WHAT TO WORK ON: Output the entries below word for word, stopping once the line containing "뉴욕하면 가장 떠오르는" is done, and omit each picture.
○ ○ ○ ○
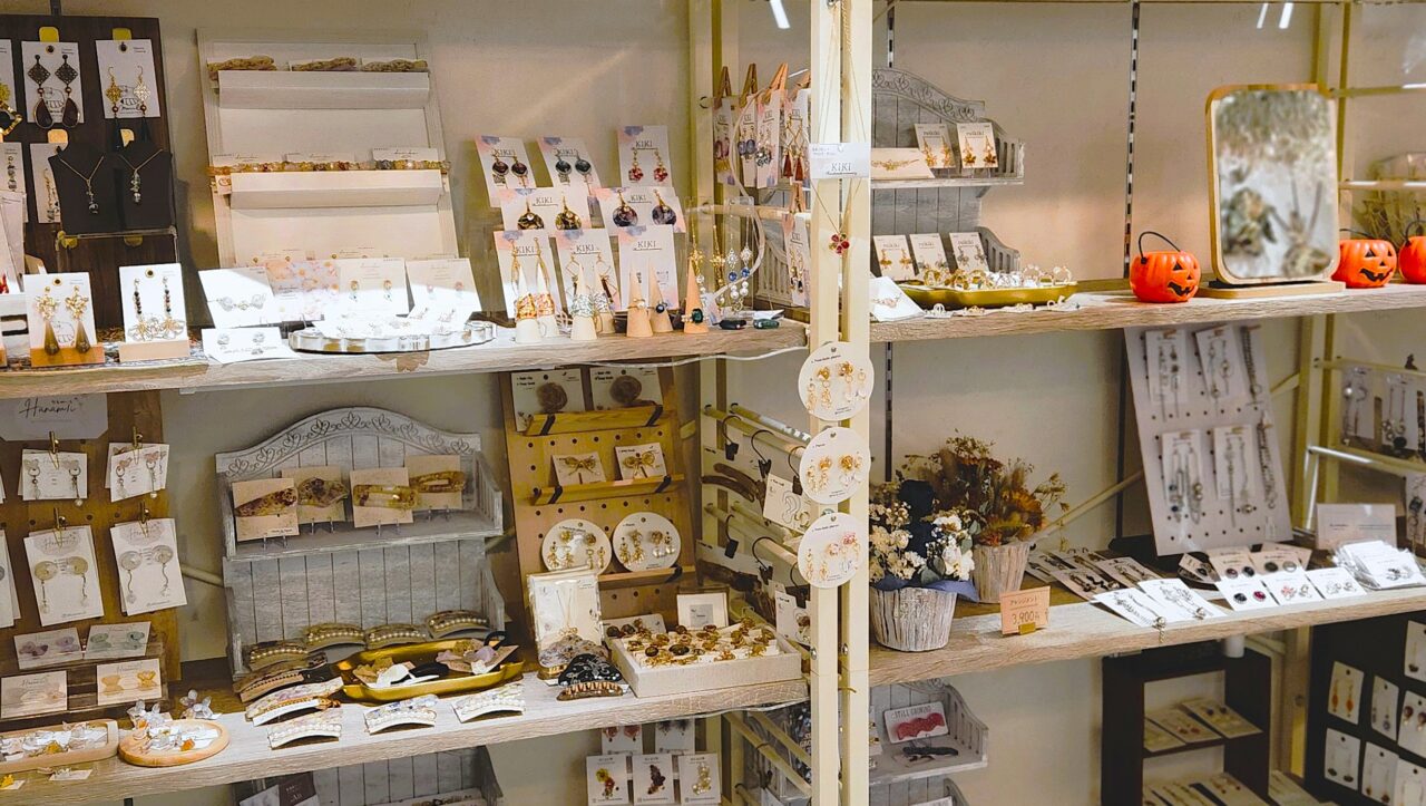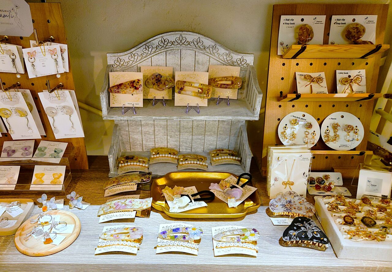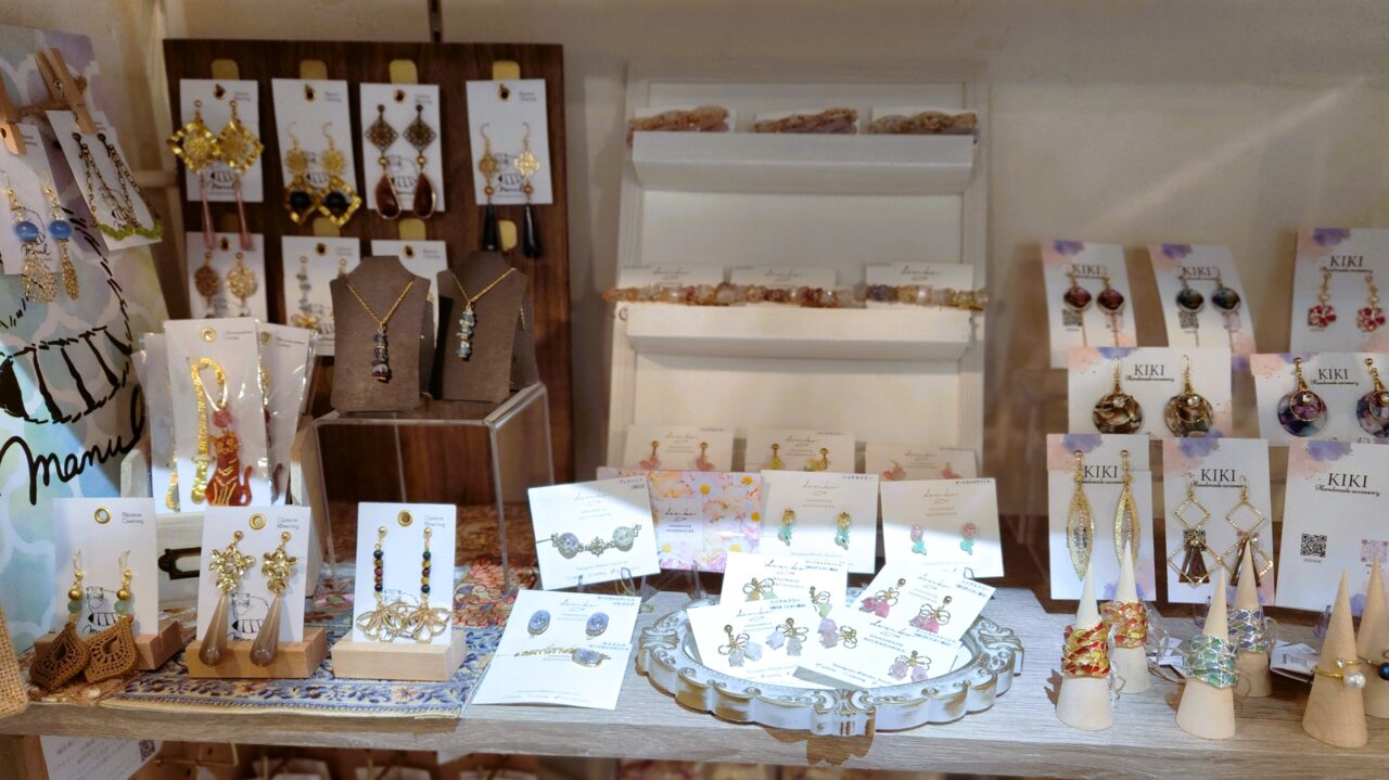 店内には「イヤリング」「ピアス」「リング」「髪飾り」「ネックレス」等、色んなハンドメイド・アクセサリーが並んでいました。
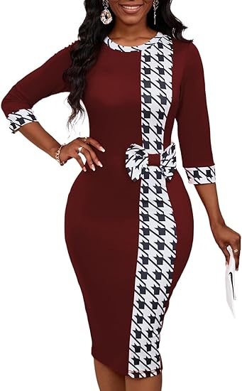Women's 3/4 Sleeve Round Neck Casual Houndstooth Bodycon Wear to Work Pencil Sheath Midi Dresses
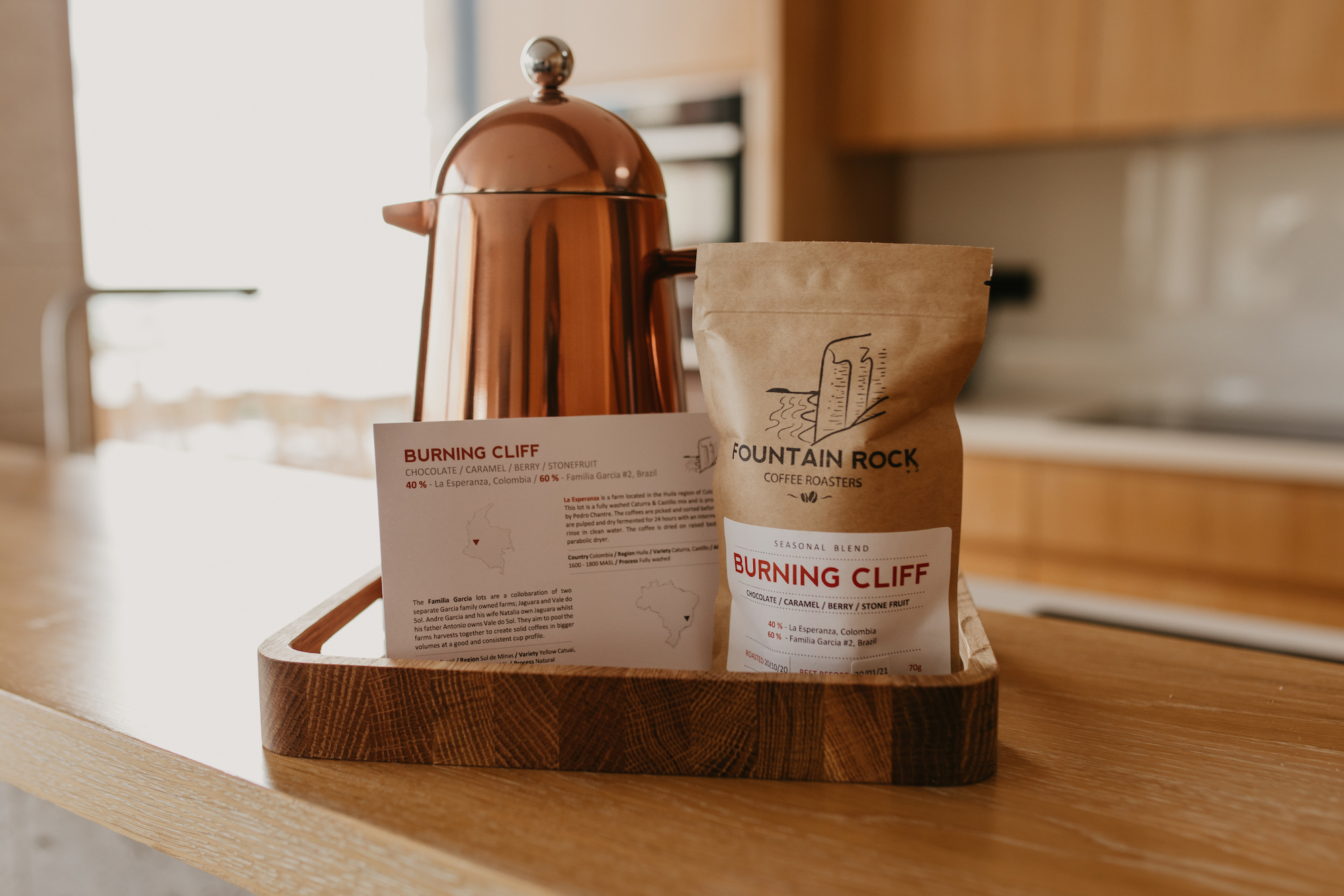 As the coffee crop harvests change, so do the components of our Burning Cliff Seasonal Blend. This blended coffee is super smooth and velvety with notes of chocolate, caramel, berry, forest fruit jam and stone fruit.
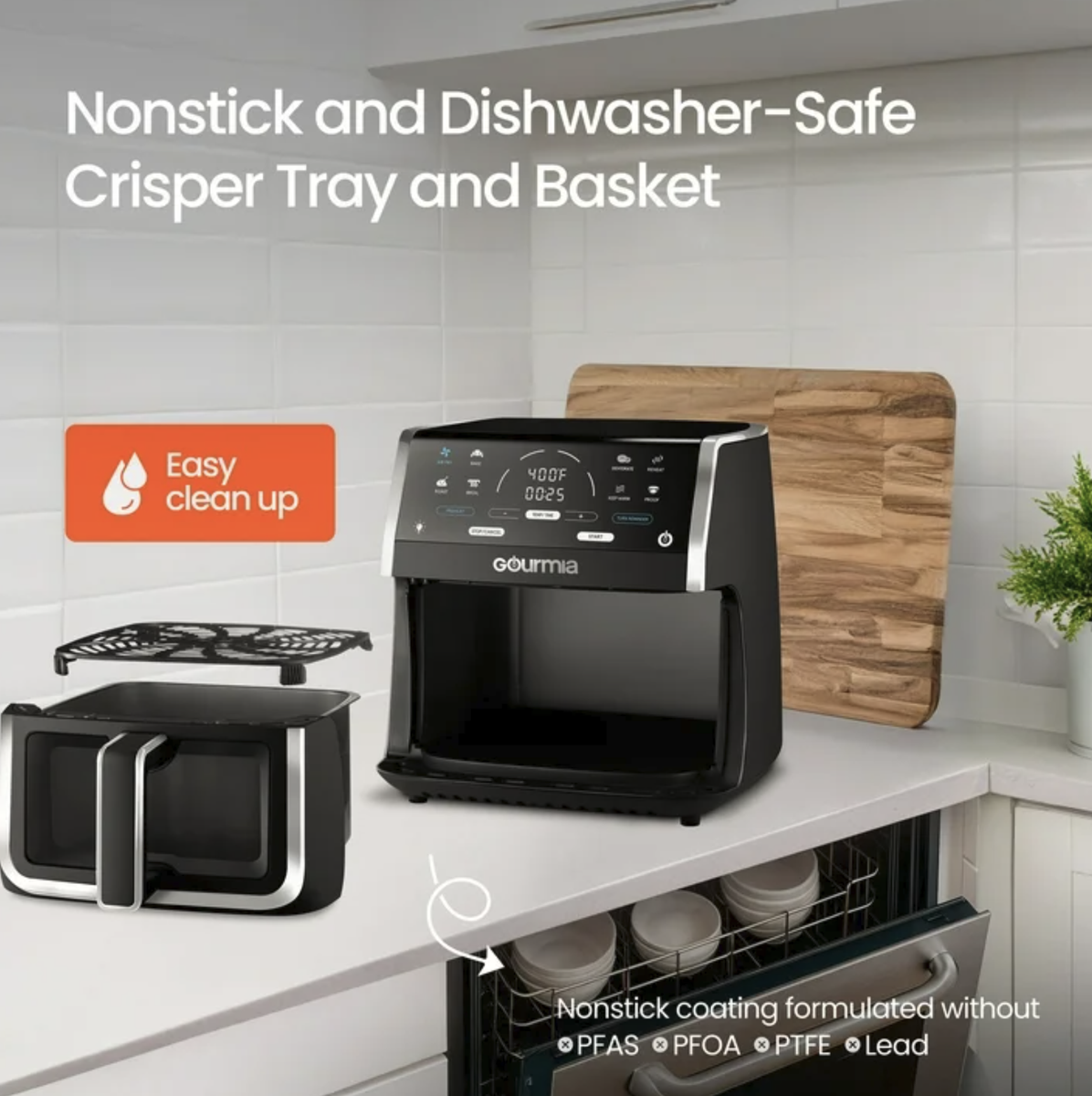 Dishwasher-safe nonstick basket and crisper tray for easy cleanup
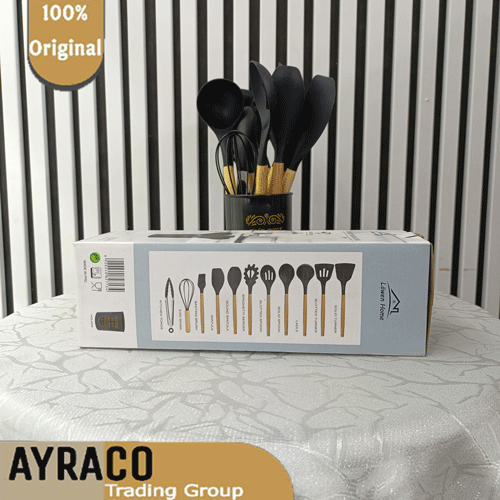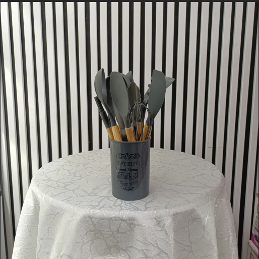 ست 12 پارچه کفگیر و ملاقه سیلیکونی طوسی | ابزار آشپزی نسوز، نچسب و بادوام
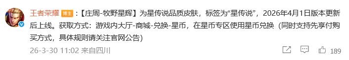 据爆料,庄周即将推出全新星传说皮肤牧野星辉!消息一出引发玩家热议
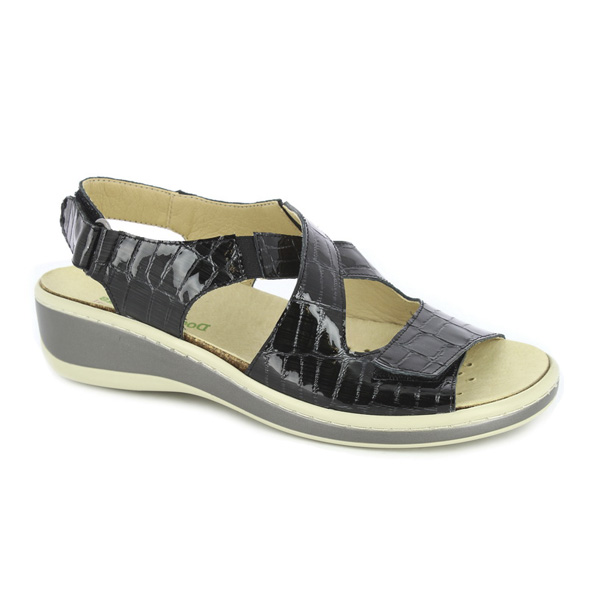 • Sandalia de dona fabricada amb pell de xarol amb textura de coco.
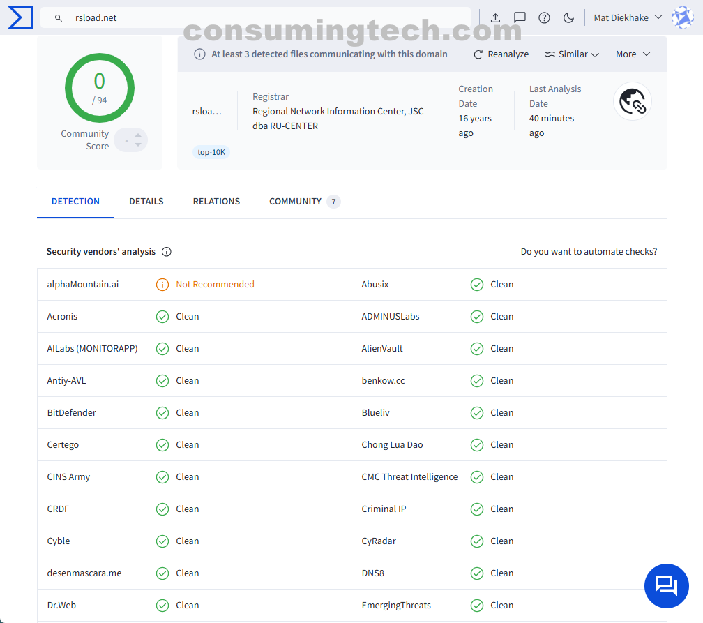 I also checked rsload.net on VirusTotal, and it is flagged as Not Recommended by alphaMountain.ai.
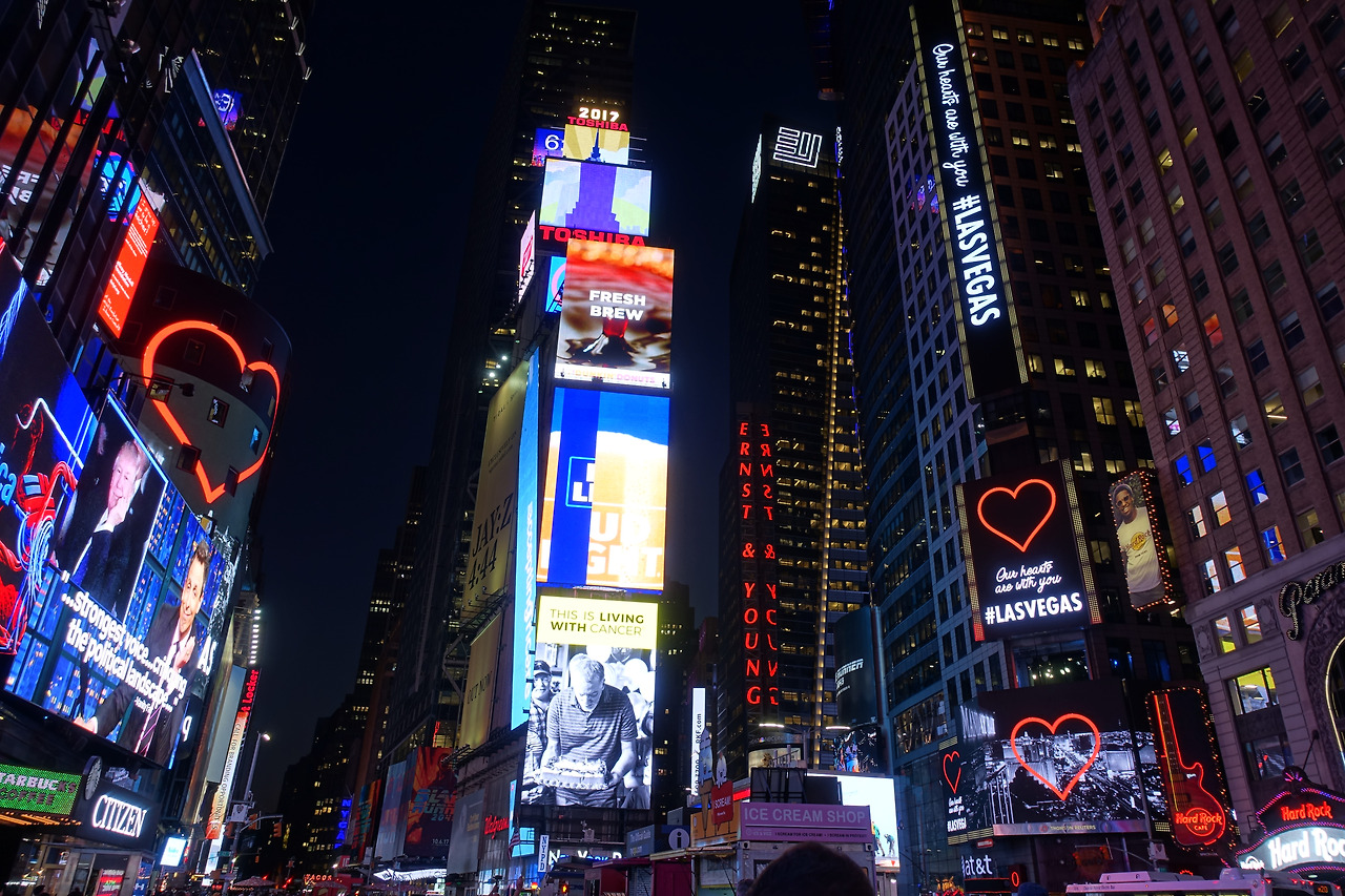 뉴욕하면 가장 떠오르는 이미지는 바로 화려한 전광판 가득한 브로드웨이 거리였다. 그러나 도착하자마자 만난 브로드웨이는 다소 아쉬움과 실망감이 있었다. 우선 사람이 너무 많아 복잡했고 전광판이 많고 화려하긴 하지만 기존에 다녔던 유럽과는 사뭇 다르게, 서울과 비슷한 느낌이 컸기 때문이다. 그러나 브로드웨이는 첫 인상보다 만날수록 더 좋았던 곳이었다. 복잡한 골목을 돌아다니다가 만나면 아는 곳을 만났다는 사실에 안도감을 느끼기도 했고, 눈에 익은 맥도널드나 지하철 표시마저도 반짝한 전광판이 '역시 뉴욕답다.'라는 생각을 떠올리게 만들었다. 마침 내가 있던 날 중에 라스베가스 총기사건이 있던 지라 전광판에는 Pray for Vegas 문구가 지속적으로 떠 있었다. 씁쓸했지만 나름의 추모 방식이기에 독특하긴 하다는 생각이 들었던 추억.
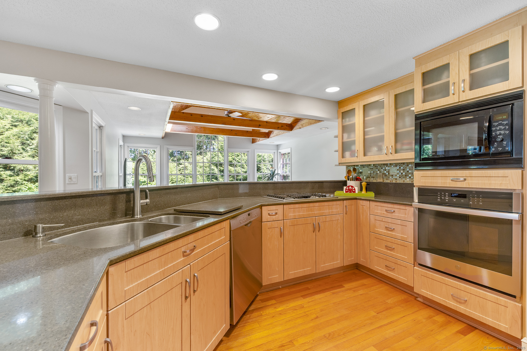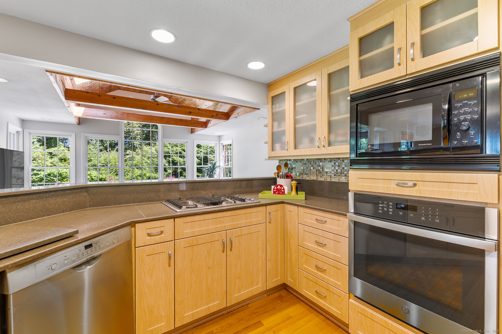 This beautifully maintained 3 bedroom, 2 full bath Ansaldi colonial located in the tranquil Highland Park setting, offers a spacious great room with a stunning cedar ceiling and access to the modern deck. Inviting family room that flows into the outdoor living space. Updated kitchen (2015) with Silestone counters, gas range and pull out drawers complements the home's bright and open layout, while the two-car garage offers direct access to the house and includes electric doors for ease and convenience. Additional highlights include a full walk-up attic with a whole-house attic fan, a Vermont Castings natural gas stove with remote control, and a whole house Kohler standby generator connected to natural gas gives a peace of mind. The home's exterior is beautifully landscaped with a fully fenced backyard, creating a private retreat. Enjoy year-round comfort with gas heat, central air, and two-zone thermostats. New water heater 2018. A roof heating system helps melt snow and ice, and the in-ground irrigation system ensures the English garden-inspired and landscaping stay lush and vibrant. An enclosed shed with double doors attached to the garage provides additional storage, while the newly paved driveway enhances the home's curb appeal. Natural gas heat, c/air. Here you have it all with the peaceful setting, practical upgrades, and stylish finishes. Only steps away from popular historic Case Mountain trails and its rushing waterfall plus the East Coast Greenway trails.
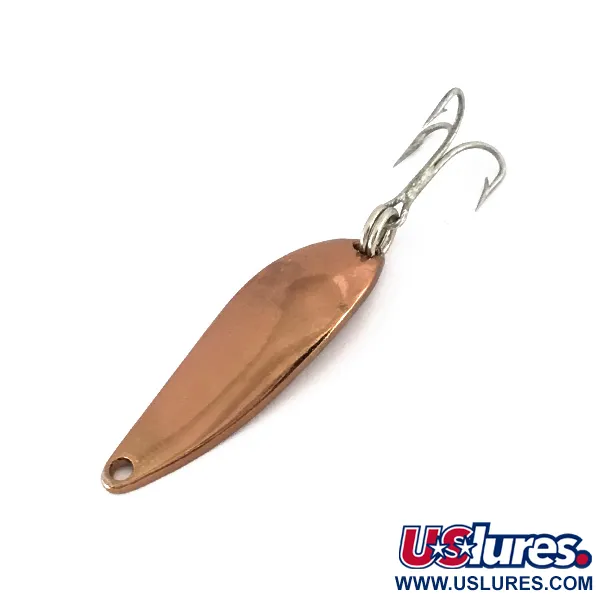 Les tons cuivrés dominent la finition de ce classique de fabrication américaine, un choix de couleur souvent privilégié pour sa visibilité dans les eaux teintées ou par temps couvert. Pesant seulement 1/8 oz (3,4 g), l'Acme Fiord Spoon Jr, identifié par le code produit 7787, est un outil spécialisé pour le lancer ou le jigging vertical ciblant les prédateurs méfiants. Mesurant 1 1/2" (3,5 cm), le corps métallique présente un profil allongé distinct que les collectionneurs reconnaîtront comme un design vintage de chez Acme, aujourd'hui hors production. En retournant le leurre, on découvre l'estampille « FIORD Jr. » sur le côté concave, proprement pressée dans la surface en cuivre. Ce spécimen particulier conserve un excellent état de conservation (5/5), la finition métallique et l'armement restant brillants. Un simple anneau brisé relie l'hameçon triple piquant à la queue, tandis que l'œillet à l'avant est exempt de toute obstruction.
○ ○ ○ ○
EXERCISE RESULT:
 店内には「イヤリング」「ピアス」「リング」「髪飾り」「ネックレス」等、色んなハンドメイド・アクセサリーが並んでいました。
Women's 3/4 Sleeve Round Neck Casual Houndstooth Bodycon Wear to Work Pencil Sheath Midi Dresses
 As the coffee crop harvests change, so do the components of our Burning Cliff Seasonal Blend. This blended coffee is super smooth and velvety with notes of chocolate, caramel, berry, forest fruit jam and stone fruit.
 Dishwasher-safe nonstick basket and crisper tray for easy cleanup
 ست 12 پارچه کفگیر و ملاقه سیلیکونی طوسی | ابزار آشپزی نسوز، نچسب و بادوام
 据爆料,庄周即将推出全新星传说皮肤牧野星辉!消息一出引发玩家热议
 • Sandalia de dona fabricada amb pell de xarol amb textura de coco.
 I also checked rsload.net on VirusTotal, and it is flagged as Not Recommended by alphaMountain.ai.
 뉴욕하면 가장 떠오르는 이미지는 바로 화려한 전광판 가득한 브로드웨이 거리였다. 그러나 도착하자마자 만난 브로드웨이는 다소 아쉬움과 실망감이 있었다. 우선 사람이 너무 많아 복잡했고 전광판이 많고 화려하긴 하지만 기존에 다녔던 유럽과는 사뭇 다르게, 서울과 비슷한 느낌이 컸기 때문이다. 그러나 브로드웨이는 첫 인상보다 만날수록 더 좋았던 곳이었다. 복잡한 골목을 돌아다니다가 만나면 아는 곳을 만났다는 사실에 안도감을 느끼기도 했고, 눈에 익은 맥도널드나 지하철 표시마저도 반짝한 전광판이 '역시 뉴욕답다.'라는 생각을 떠올리게 만들었다. 마침 내가 있던 날 중에 라스베가스 총기사건이 있던 지라 전광판에는 Pray for Vegas 문구가 지속적으로 떠 있었다. 씁쓸했지만 나름의 추모 방식이기에 독특하긴 하다는 생각이 들었던 추억.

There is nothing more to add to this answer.